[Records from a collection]

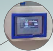
цифровое или аналоговое управление машиной цифровое или аналоговое управление машиной цифровое или аналоговое управление машиной
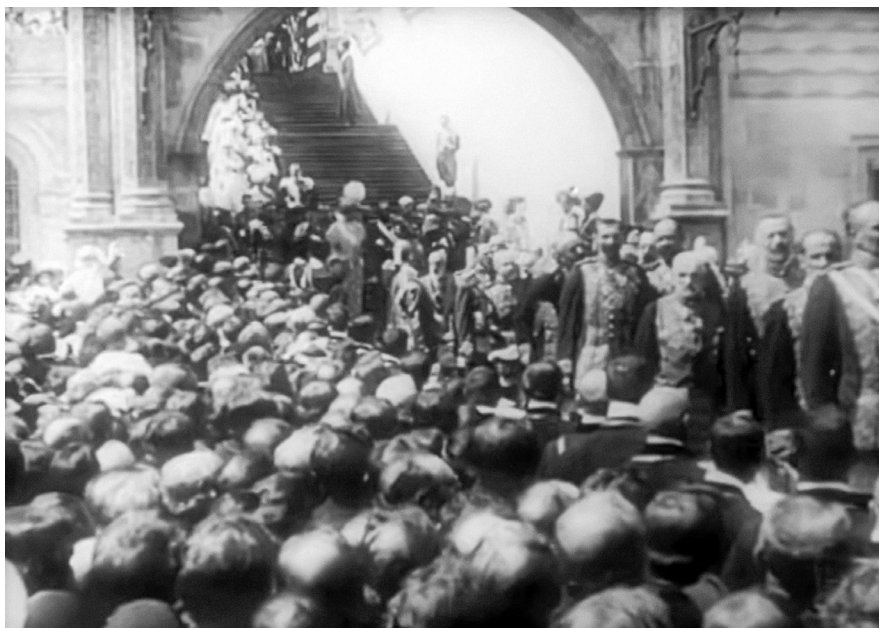
«Падение династии Романовых», 1927, реж. Эсфирь Шуб
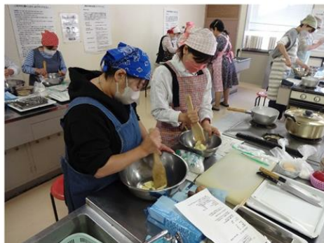
ライフスタイル講座(料理教室:焼き菓子づくり)
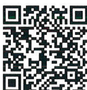
ตราสัญลักษณ์ ๗๐ ปี ไทย - ลาว
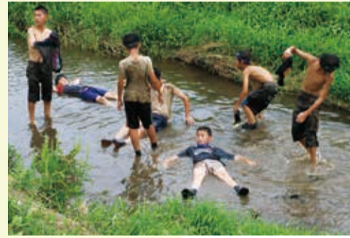
▲ 試合後に川でクールダウン

また、どんごサッカー、フラッグレース、宝探しなども行われ、子どもから大人までどろみれになっていました。
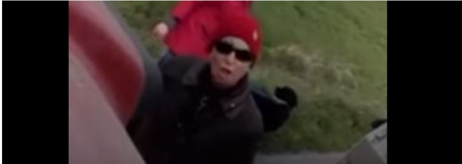
In dem Video beschimpft die Spaziergängerin - ihren Aussagen nach zu urteilen eine Veganerin - einen Bauern.
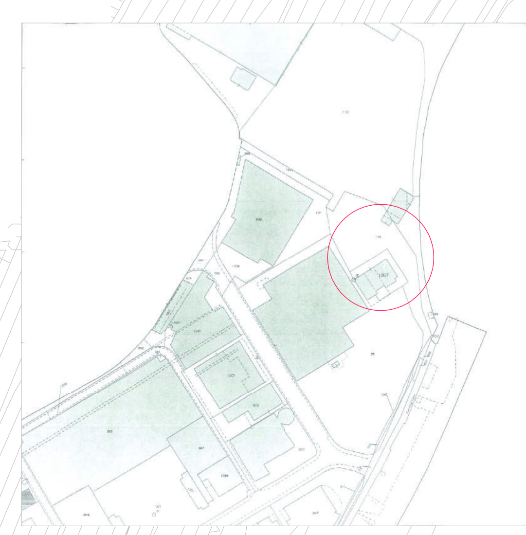
INQUADRAMENTO SU ESTRATTO DI MAPPA CATASTALE
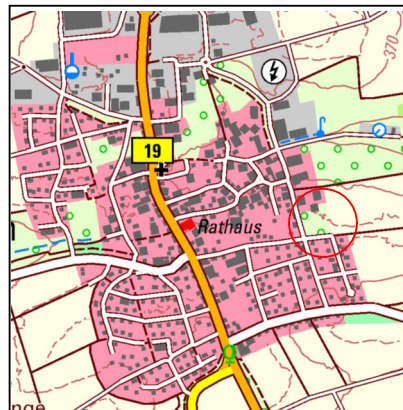
Topografische Karte 1:20.000
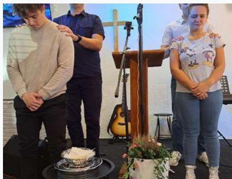
Batismo de novos convertidos

As mulheres da igreja de Varaždin preparam periodicamente um café com mulheres da cidade. Com uma palestra que seja válida para todos, mas que a mensagem conduza a Cristo. Pude auxiliar na música e recepção do evento.
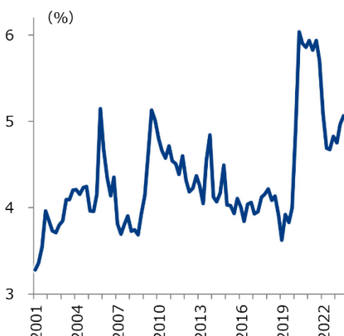
注：直近は23年7-9月期。出所：米国商務省より三菱総合研究所作成
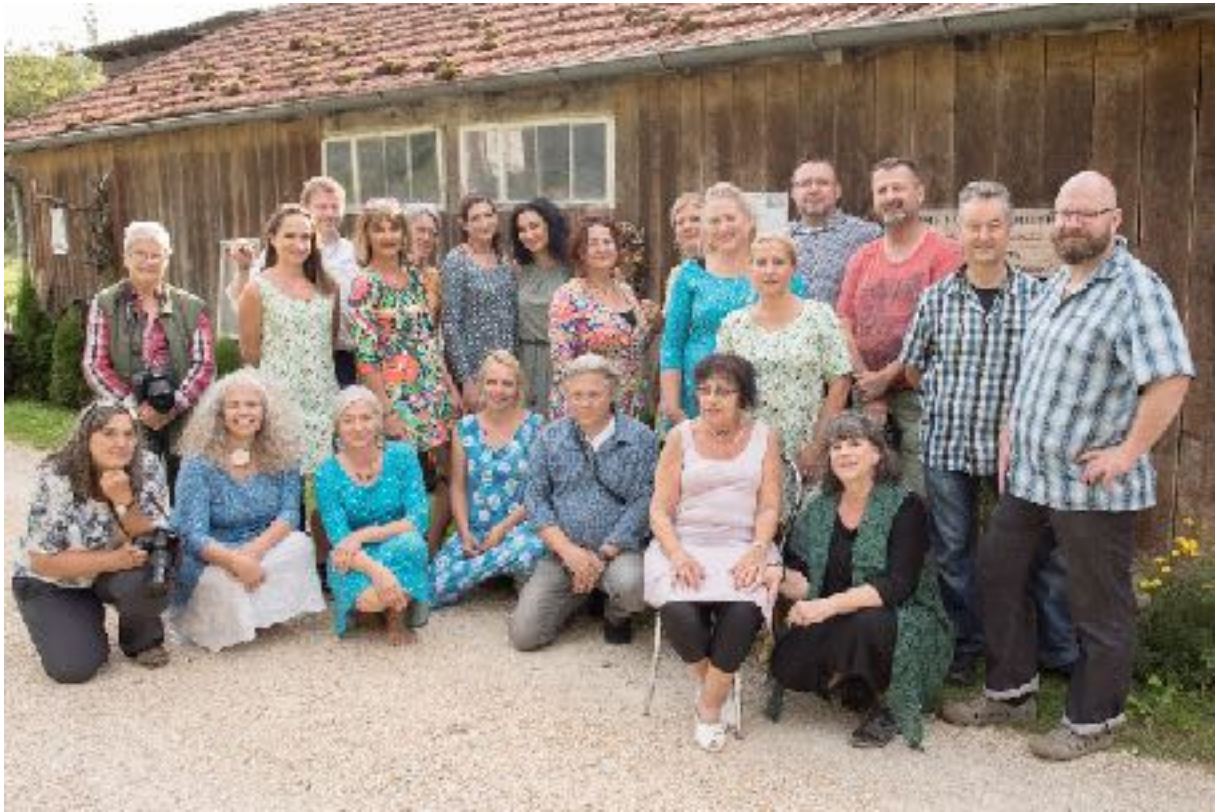
Die Gruppe des Modellshootings 2019 mit Fotografen und Models und der Boutique „Wohlfühl Dinge“ in Burladingen von Joachim Wolfer
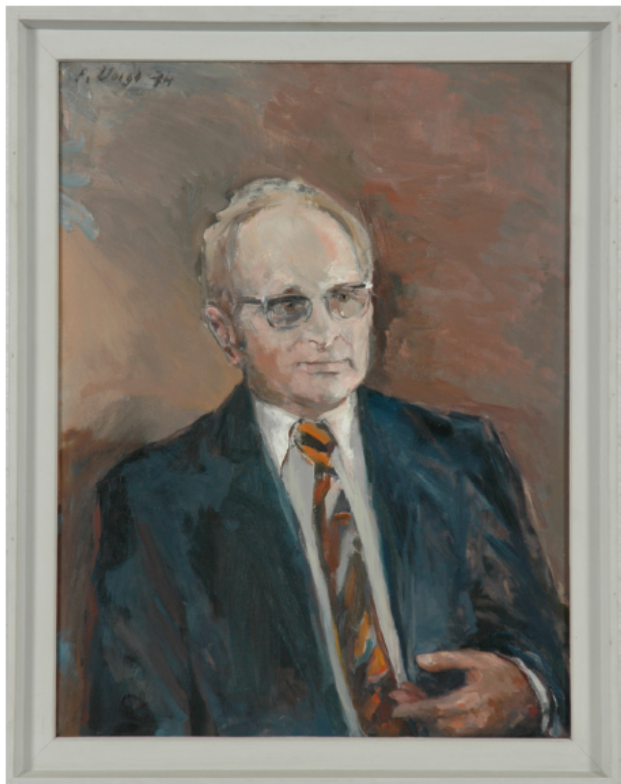
Abb. 14: Alfred Kubel, Niedersächsischer Ministerpräsident 1970–1976; Künstler: Peter Voigt
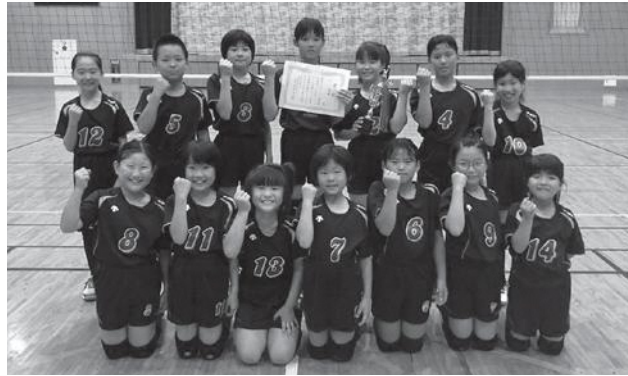
優勝した日和佐ファイターズ

7月6日(土)に行われた、美波町こがめ杯Aゾーンにおいて、日和佐ファイターズが優勝しました。
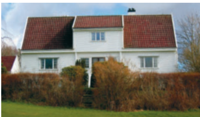
71. Time prestegard - gnr. 17/15 - vart bygd i 1932. Eigar er Den norske kyrkja. KPL
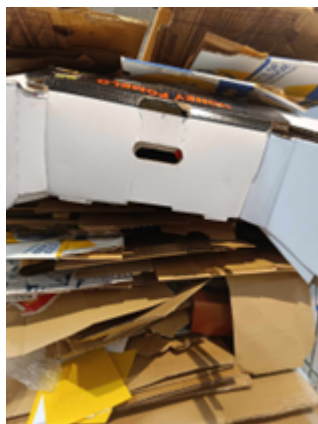
22. kép. Papírhulladék.

gyűjtőszigeteken, illetve hulladékgyűjtő udvarokban. Papír számára a szelektív szemetesek kék színűek. Zsírral szennyezett papírt, zsebkendőket, szalvétát és pelenkát tilos a szelektív papírszemét közé dobni!
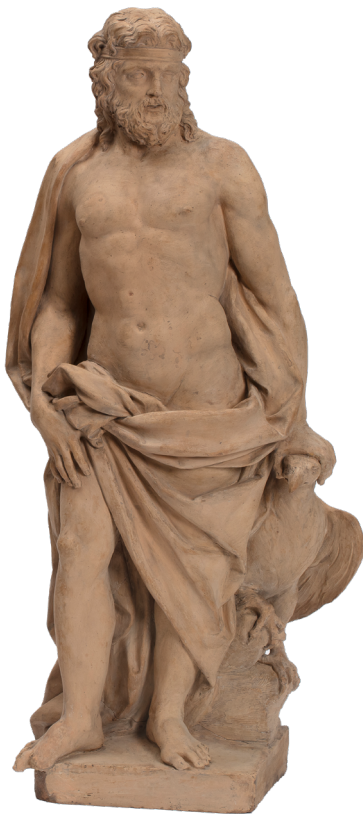
Domenico Pio, Jupiter , deuxième moitié du 19 e siècle | Terre cuite (salle 3)

Domenico Piò est un sculpteur bolonais du 18 e siècle. Privilégiant le modelage et la terre cuite à la taille de pierres, rare dans la région de Bologne, son œuvre témoigne de l'évolution artistique en Italie du baroque vers le rococo.
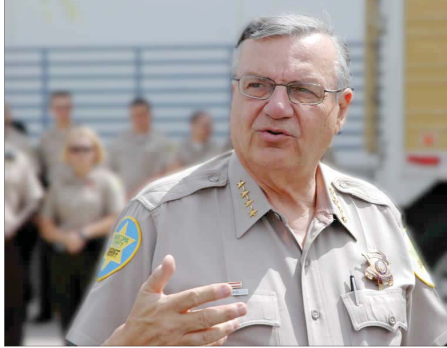
اشدجوزف أرابايو .. محبوب وسائل الإعلام الأمريكية

ألف دولار في أول شهر... وبعد ذلك اجتهدت حتى وصل دخلها الشهري حالياً إلى ١٧ ألف دولار. إيمي قالت في المقابل التي نشرها موقع « نيوز ناو » الاثنين الماضي ( ٧ مايو ) إنها تشكر الله يومياً على هذه الوظيفة التي تقوم بها في المنزل إلى جوار أداء واجبها كام .
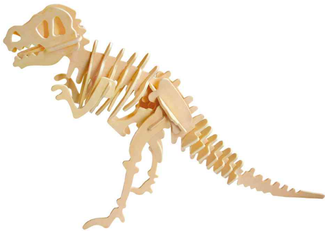
3D Puzzle "T-Rex Dinosaurier"

ACHTUNG! Nicht geeignet für Kinder unter 36 Monaten, wegen verschluckbarer Kleinteile.
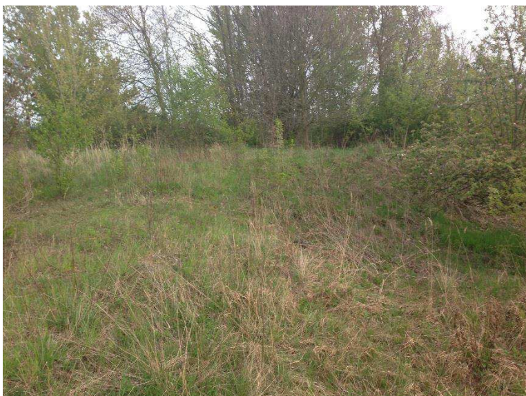
Foto 3: Ruderalfläche 150 m nordwestlich des Untersu- chungsraumes
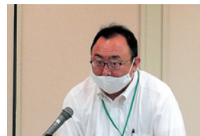
信用生協 船ヶ澤専務理事
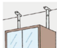
ネジ止めしにくい場所は、 つっぱり棒で固定。
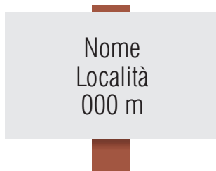
Tabella località (25x15 cm)

E' come la normale segnavia con l'aggiunta della sigla del percorso nello spazio riservato.
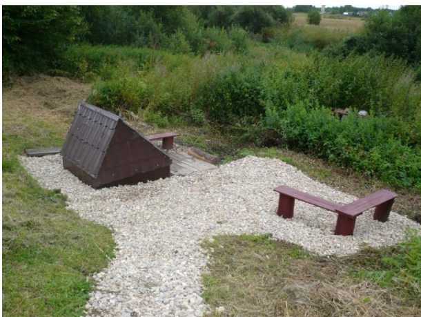
Родник после благоустройства готов к приему посетителей!
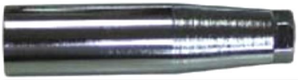
A100S ホイールセンタリングガイドS

ISOホイールはJISタイプと異なり、ホイールセンタリングのための球面座がありません。22mmのボルトが26mmのホイール穴(平面座)を通るためセンターが出ません。センタリングガイドを対角にセットしてホイールを通すことで確実なセンター出しができます。
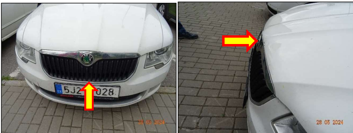
Foto 14,15 pohled na poškození od havárie vozidla na přední části
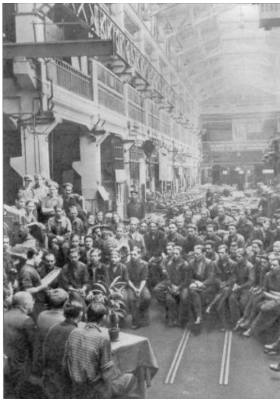
Des assemblées pour débattre des questions politiques eurent lieu dans les entreprises. L'épuration de 1937-1938 s'appuyait sur une grande mobilisation politique dans les entreprises pour préparer le peuple à l'agression fasciste.
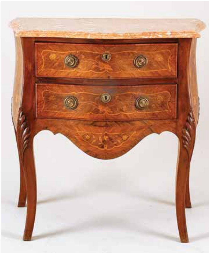
342 CÓMODA, estilo Luís XV, marchetaria de pau santo, espinheiro e pau rosa "Flores", ferragens em metal amarelo, tampo de mármore, portuguesa, séc. XIX/XX, pequenos defeitos Dim. - 79,5 x 78,5 x 50,5 cm € 600 - 900
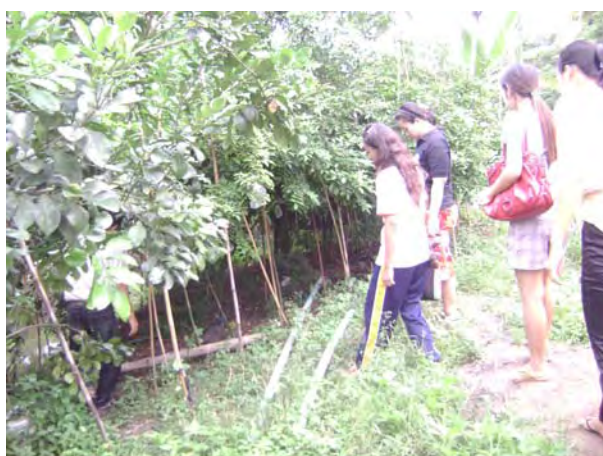
นักท่องเที่ยวขึ้นชมสวนผลไม้
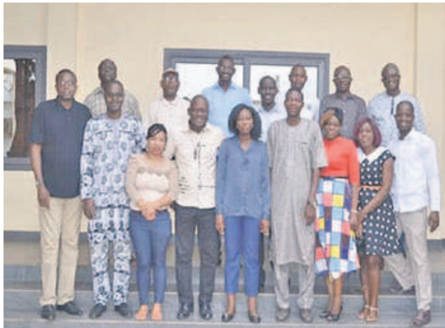
Une vue des participants à l'atelier de Lomé

Cet atelier a aussi développé de manière collaborative le partage de connaissances sur les différents aspects du métier de communication dans les organisations sociocaritatives et échangé sur les différentes fonctions que doit assurer la communication dans une organisation sociocaritative. Les organisateurs espèrent aussi créer une dynamique de collaboration entre les communicateurs et les chargés de
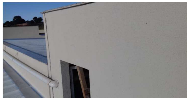
Figura 44C: Pintura de face interna de platibanda - bloco central
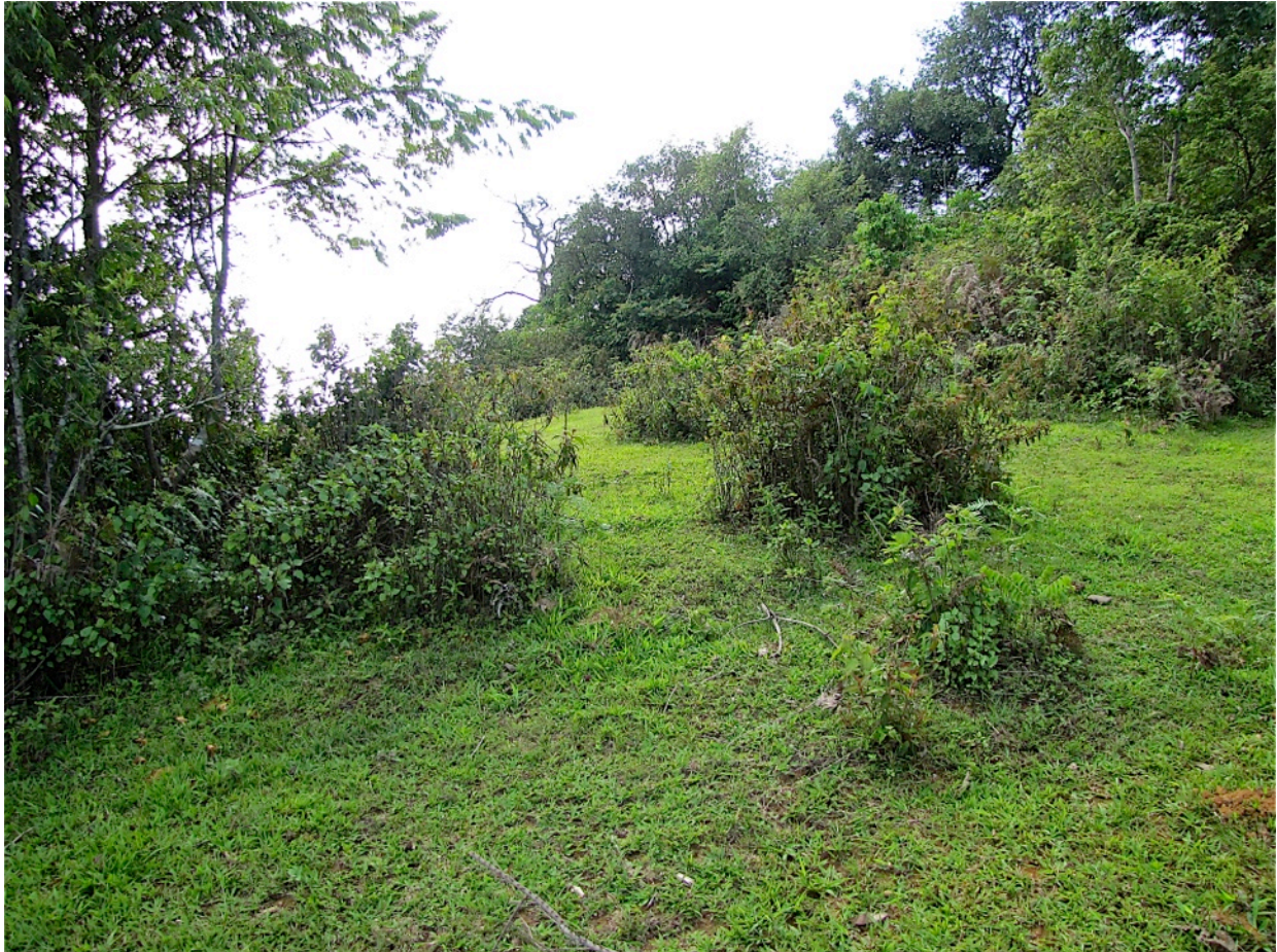
Fig. 9. - Biotope du Mt Pan (Laos).
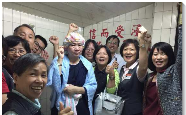
▲眾人為新人得救歡樂

開展期間，我們在繁華的台北都會市區，憑信撒種澆灌；在台東鹿野部落唱詩讚美；我們也渡過海峽，在金門的校園傳揚主名；也在許多廟宇偶像林立的高雄彌陀區，剛強放膽傳講，於人群中尋找平安之子。我們運用信心支取從高處來的能力，不在意環境、人的眼光及感覺，也不膽怯，完全放膽講說，帶人禱告、認罪並點活人的靈。當有人在受浸前猶豫時，我們就運用主的權柄，為他施浸歸入主名，使他脫離黑暗的權勢，進入神愛子的國裏。
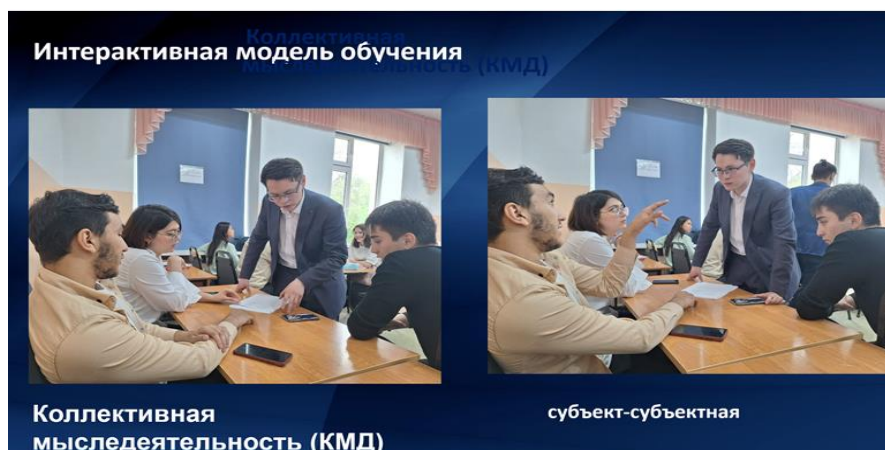
Фото 1 - Момент интеракции

формируется способность человека взаимодействовать, находиться в режиме беседы, диалога с кем-либо; осуществляется коллективная мыследеятельность (см. фото 1).
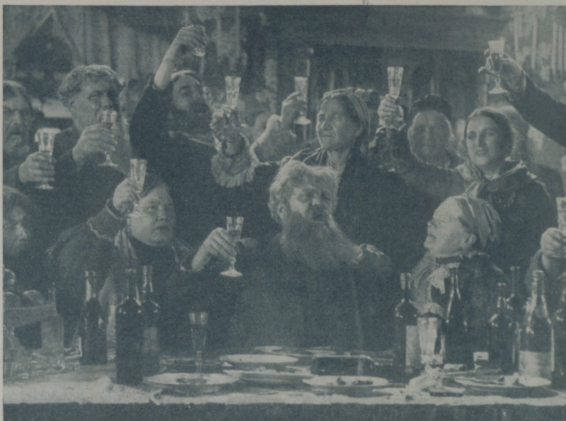
Una escena de la película "Tasarova", que distribuye Ufilms

Si miramos con ojos tolerantes a los demás seres que pueblan el universo, nuestra existencia sería mucho más fe-
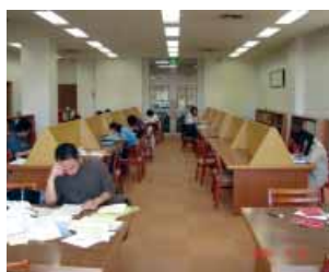
参考図書室 Reference Room

• Exercise instructions
Give the entries above again in full and exactly, but not the pictures.

• Result below
цифровое или аналоговое управление машиной цифровое или аналоговое управление машиной цифровое или аналоговое управление машиной
«Падение династии Романовых», 1927, реж. Эсфирь Шуб
ライフスタイル講座(料理教室:焼き菓子づくり)
ตราสัญลักษณ์ ๗๐ ปี ไทย - ลาว
▲ 試合後に川でクールダウン

また、どんごサッカー、フラッグレース、宝探しなども行われ、子どもから大人までどろみれになっていました。
In dem Video beschimpft die Spaziergängerin - ihren Aussagen nach zu urteilen eine Veganerin - einen Bauern.
INQUADRAMENTO SU ESTRATTO DI MAPPA CATASTALE
Topografische Karte 1:20.000
Batismo de novos convertidos

As mulheres da igreja de Varaždin preparam periodicamente um café com mulheres da cidade. Com uma palestra que seja válida para todos, mas que a mensagem conduza a Cristo. Pude auxiliar na música e recepção do evento.
注：直近は23年7-9月期。出所：米国商務省より三菱総合研究所作成
Die Gruppe des Modellshootings 2019 mit Fotografen und Models und der Boutique „Wohlfühl Dinge“ in Burladingen von Joachim Wolfer
Abb. 14: Alfred Kubel, Niedersächsischer Ministerpräsident 1970–1976; Künstler: Peter Voigt
優勝した日和佐ファイターズ

7月6日(土)に行われた、美波町こがめ杯Aゾーンにおいて、日和佐ファイターズが優勝しました。
71. Time prestegard - gnr. 17/15 - vart bygd i 1932. Eigar er Den norske kyrkja. KPL
22. kép. Papírhulladék.

gyűjtőszigeteken, illetve hulladékgyűjtő udvarokban. Papír számára a szelektív szemetesek kék színűek. Zsírral szennyezett papírt, zsebkendőket, szalvétát és pelenkát tilos a szelektív papírszemét közé dobni!
Domenico Pio, Jupiter , deuxième moitié du 19 e siècle | Terre cuite (salle 3)

Domenico Piò est un sculpteur bolonais du 18 e siècle. Privilégiant le modelage et la terre cuite à la taille de pierres, rare dans la région de Bologne, son œuvre témoigne de l'évolution artistique en Italie du baroque vers le rococo.
اشدجوزف أرابايو .. محبوب وسائل الإعلام الأمريكية

ألف دولار في أول شهر... وبعد ذلك اجتهدت حتى وصل دخلها الشهري حالياً إلى ١٧ ألف دولار. إيمي قالت في المقابل التي نشرها موقع « نيوز ناو » الاثنين الماضي ( ٧ مايو ) إنها تشكر الله يومياً على هذه الوظيفة التي تقوم بها في المنزل إلى جوار أداء واجبها كام .
3D Puzzle "T-Rex Dinosaurier"

ACHTUNG! Nicht geeignet für Kinder unter 36 Monaten, wegen verschluckbarer Kleinteile.
Foto 3: Ruderalfläche 150 m nordwestlich des Untersu- chungsraumes
信用生協 船ヶ澤専務理事
ネジ止めしにくい場所は、 つっぱり棒で固定。
Tabella località (25x15 cm)

E' come la normale segnavia con l'aggiunta della sigla del percorso nello spazio riservato.
Родник после благоустройства готов к приему посетителей!
A100S ホイールセンタリングガイドS

ISOホイールはJISタイプと異なり、ホイールセンタリングのための球面座がありません。22mmのボルトが26mmのホイール穴(平面座)を通るためセンターが出ません。センタリングガイドを対角にセットしてホイールを通すことで確実なセンター出しができます。
Foto 14,15 pohled na poškození od havárie vozidla na přední části
Des assemblées pour débattre des questions politiques eurent lieu dans les entreprises. L'épuration de 1937-1938 s'appuyait sur une grande mobilisation politique dans les entreprises pour préparer le peuple à l'agression fasciste.
342 CÓMODA, estilo Luís XV, marchetaria de pau santo, espinheiro e pau rosa "Flores", ferragens em metal amarelo, tampo de mármore, portuguesa, séc. XIX/XX, pequenos defeitos Dim. - 79,5 x 78,5 x 50,5 cm € 600 - 900
นักท่องเที่ยวขึ้นชมสวนผลไม้
Une vue des participants à l'atelier de Lomé

Cet atelier a aussi développé de manière collaborative le partage de connaissances sur les différents aspects du métier de communication dans les organisations sociocaritatives et échangé sur les différentes fonctions que doit assurer la communication dans une organisation sociocaritative. Les organisateurs espèrent aussi créer une dynamique de collaboration entre les communicateurs et les chargés de
Figura 44C: Pintura de face interna de platibanda - bloco central
Fig. 9. - Biotope du Mt Pan (Laos).
▲眾人為新人得救歡樂

開展期間，我們在繁華的台北都會市區，憑信撒種澆灌；在台東鹿野部落唱詩讚美；我們也渡過海峽，在金門的校園傳揚主名；也在許多廟宇偶像林立的高雄彌陀區，剛強放膽傳講，於人群中尋找平安之子。我們運用信心支取從高處來的能力，不在意環境、人的眼光及感覺，也不膽怯，完全放膽講說，帶人禱告、認罪並點活人的靈。當有人在受浸前猶豫時，我們就運用主的權柄，為他施浸歸入主名，使他脫離黑暗的權勢，進入神愛子的國裏。
Фото 1 - Момент интеракции

формируется способность человека взаимодействовать, находиться в режиме беседы, диалога с кем-либо; осуществляется коллективная мыследеятельность (см. фото 1).
Una escena de la película "Tasarova", que distribuye Ufilms

Si miramos con ojos tolerantes a los demás seres que pueblan el universo, nuestra existencia sería mucho más fe-
参考図書室 Reference Room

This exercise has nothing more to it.